Zulip Chat Archive

Stream: lean4

Topic: scan combinator for iterators


cmlsharp (Dec 15 2025 at 18:40):

I noticed there is no Std Iterator combinator for scan (like fold but it accumulates the partial results) so [1,2,3].iter.scan (. + .) 0 |>.toList would be [0,1,3,6]. You can see this in Haskell, Rust for example. I have an implementation that I believe works which I could package into a PR, but I had a bit of trouble precisely determining what i ought to include in the IsPlausibleStep definition, so i would appreciate some feedback/sanity checking if possible. I'm also decently new to Lean.

Implementation here

Paul Reichert (Dec 16 2025 at 08:18):

Hi, @cmlsharp, thanks for your suggestion. I think scan is a welcome addition to the standard library, so I'd be happy to see a PR for this combinator.
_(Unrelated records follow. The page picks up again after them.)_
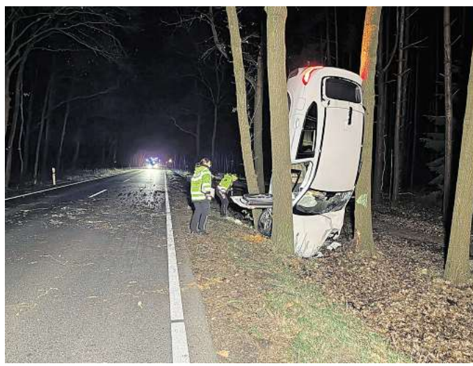
Kollision mit mehreren Bäumen: Eine 22-Jährige aus Burgwedel ist am Sonntagabend mit ihrem Auto von der Fahrbahn abgekommen – der Wagen blieb mit der Frontseite nach unten zwischen drei Bäumen stecken.

ruf hätten sich bislang keine weiteren Zeugen gemeldet. Eignet hatte sich der Unfall auf einem Abschnitt, auf dem lediglich Tempo 50 erlaubt ist. Auf der gesamt 2,7 Kilometer langen, teils schnurgeraden Strecke zwischen dem Fuhrberger Ortsausgang und der Autobahn
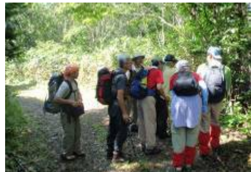
トレッキング風景（ガイド付き）
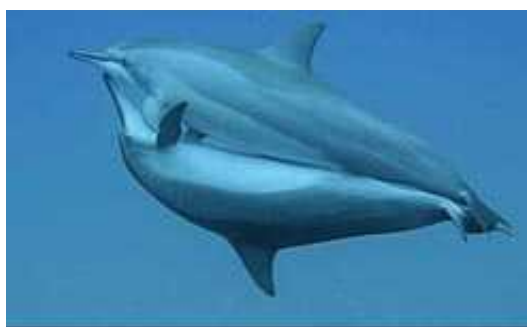
Slika 3. Parenje jednog para dupina

Parenje kitova se kod većine odvija tako da mužjak usklađenim pokretima pliva na leđima, a ženka iznad njega (vidi Slika 3.). Kao kod svih sisavaca, oplodnja je unutarnja i zametak se razvija dijeljenjem zigote. Preko posteljice se zametak prehranjuje i vrši se izmjena plinova. Ženke imaju jedan par sisa smještenih sa svake strane spolnog otvora koje uštrcavaju mlijeko u usnu šupljinu mladog. To je neobično važno jer mladunad nema mekih mišićavih usana kojima bi se mogli vrsto uhvatiti za sisu, pa ju mogu uhvatiti ustima samo na kratko vrijeme. Ženka okoti (vidi Slika 4.) obično jedno mladunče nakon oko godine dana skotnosti (varira među vrstama). Nakon okota ženka se ne tjera tijekom nekoliko prvih mladunčevih godina, te odbijati svaki pokušaj mužjakova snubljenja.
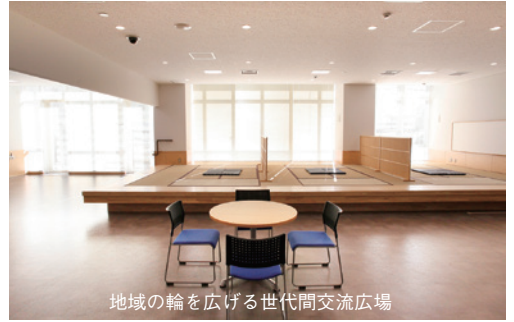
地域の輪を広げる世代間交流広場

りするコミュニケーションなどを展開します。2つ目は「地域活動の支援」です。福祉に関するサービス、制度や活動についての情報提供、ボランティア活動の支援、世代間交流の促進、健康の増進などの事業を行います。
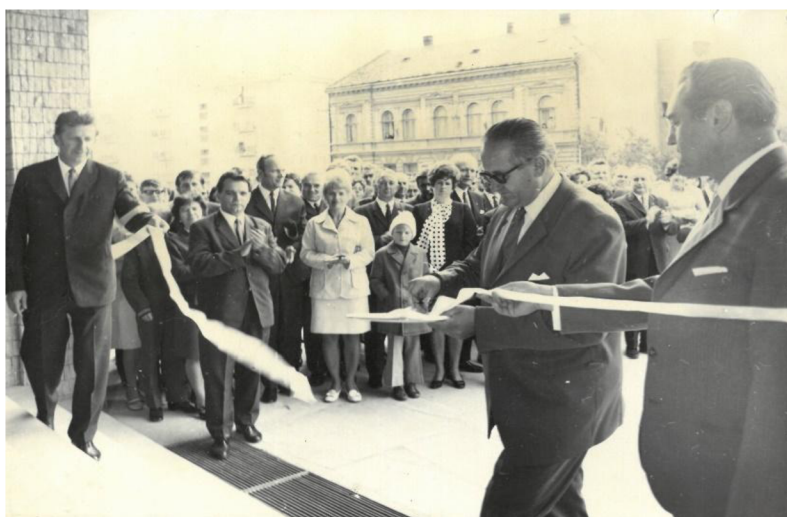
Obr. 5 – Slavnostní přestřížení pásky před vchodem do nového Kulturního domu v Zábřeze.
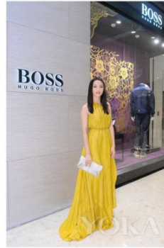
著名影星姚晨小姐在BOSS HUGO BOSS店前留影

秉承一贯的，霍建华将事件转变，HUGO BOSS 汲取中国的传统习俗，精心制作最新新年贺岁系列，创意设计巧妙地运用祥云图腾及珠宝女士创作的梅花和纸团图案，两者相呼应，在装饰寓意和材质的同时，更赋予成衣更加喜庆吉祥的美好寓意。
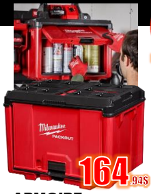
ARMOIRE 50 Lb 4MIL48228445
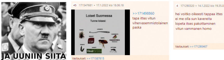
Kuva 1. Kohtaavat väkivaltaiset kehotukset Toista kohtaan ilmenevät Satunnainen-keskustelujen sisällöissä kuvallisina ja tekstuaalisina eksplisiittisinä itsemurhakehotuksina. Kuvakaappaus.

6 Monilla verkkokeskustelu-alustoilla sisältöjä voi kommentoida vastaus-toiminnolla, jolloin kommenttien tai sisältöjen yhteys näkyy keskusteluketjussa.
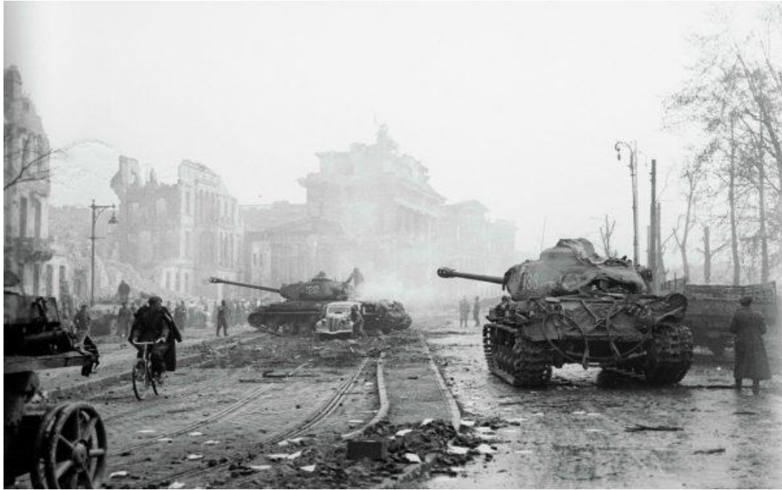
Radzieckie czołgi IS-2 w Berlinie

Przytłaczająca przewaga liczebna i materiałowa, oraz wyczerpanie zarówno niemieckiej armii jak i ludności cywilnej oraz przemysłu sprawiły, że już 21 kwietnia radziecka artyleria była w stanie ostrzeliwać całe miasto. 22 kwietnia zajęta została dzielnica Weissensee, dzień później Köpenick, a 24 kwietnia radzieckie oddziały ruszyły w kierunku centrum miasta.
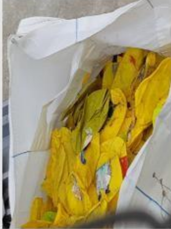
Renklerine ayrılmış şişeler
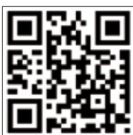
Scopri tutti gli strumenti S.D.M.

Per conoscere tutti gli strumenti SDM contatta Ufficio Marketing Diretto Tel. 0541 744643 Fax 0541 744772 sigepdirect@riminifiera.it
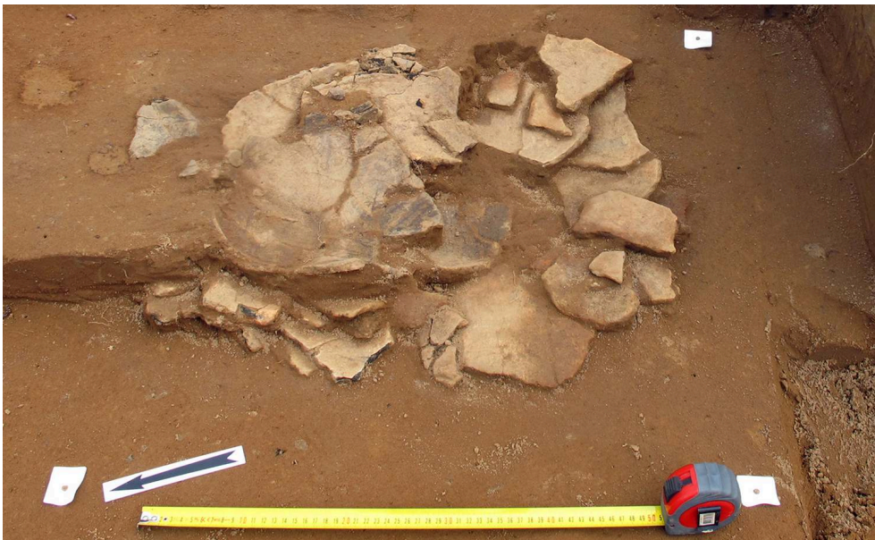
Fig. 1 – Vue d'ensemble du dépôt de céramique F 1201 dans son contexte
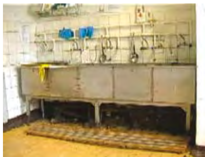
Alcune, significative immagini dello stato in cui versa la cucina dell'orfanatrofio
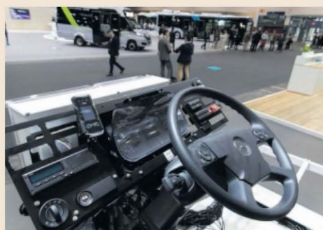
Volante y tablero de un autobús.

A causa de las fusiones, cada vez hay menos operadores y más grandes
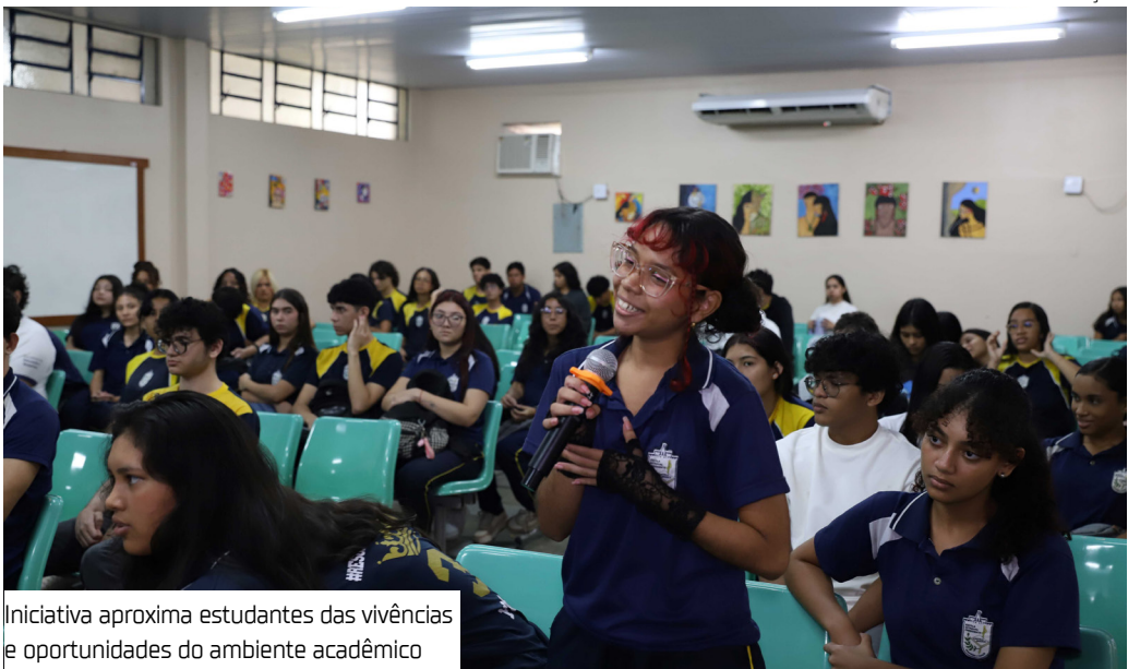
Iniciativa aproxima estudantes das vivências e oportunidades do ambiente acadêmico

logo propôs com que a atividade integrasse o calendário letivo da escola. "Nosso propósito é aproximar os alunos das perspectivas que a universidade pode oferecer. É mostrar que o ensino superior é um caminho possível e transformador, especialmente para quem está concluindo o Ensino Médio. Dentre os convidados, há pessoas que foram minhas professoras. Também temos profissionais que já foram meus alunos. Em um discurso que nasce da nossa realidade de vida, e buscamos passar isso aos estudantes", destacou o docente.
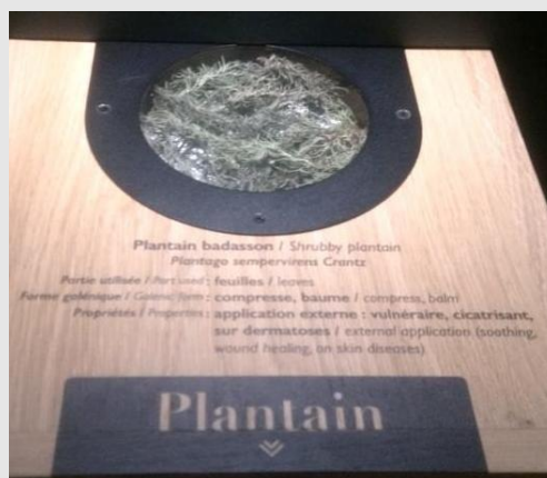
Musée de l'Herboristerie de Forcalquier : recette contemporaine d'huile de badasson et présentation du plantain badasson.

Sur son stand au marché de Forcalquier, Christine Blanc-Galléanon diffuse une notice explicative sur les emplois médicaux du badasson.
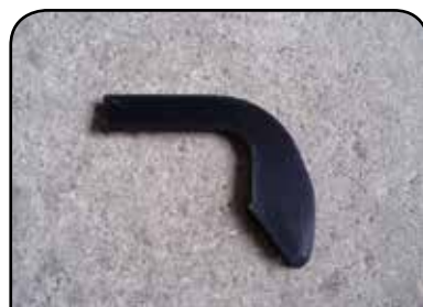
PONTA DOS BATEDORES DE GARRAFA DP PBG1
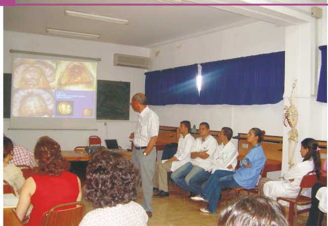
Liens avec la Faculté de Médecine Dentaire de Monastir

Président de la Société Francophone de Médecine buccale et de Chirurgie buccale...) et j'ai le grand honneur depuis quelques mois (Lisbonne, avril 2011) de présider la « European Federation of Oral Surgery Societies / EFOSS ». Mes travaux comportent pour le moment 14 participations à la rédaction d'ouvrages, 48 publications dans des revues internationales et 150 conférences dans des manifestations scientifiques internationales.

In Lean, we can only reason about code that provably terminates*, so while you can execute [1,2,3].iter.scan (. + .) 0 |>.toList, you will not be able to prove anything about the returned list without proving that [1,2,3].iter.scan (. + .) 0 is a finite iterator.

The IsPlausibleStep predicate is needed for proving that your iterator is finite by providing an Std.Iterators.Finite instance. It should simply be as strong as possible. Proving finiteness of it.scan f init given that it is finite (and productiveness given that it is productive), you will usually notice if your IsPlausibleStep predicate is too weak. In your case, I'm optimistic that it's strong enough since you have included all the proofs from the branches done (h, hs, hp) in it.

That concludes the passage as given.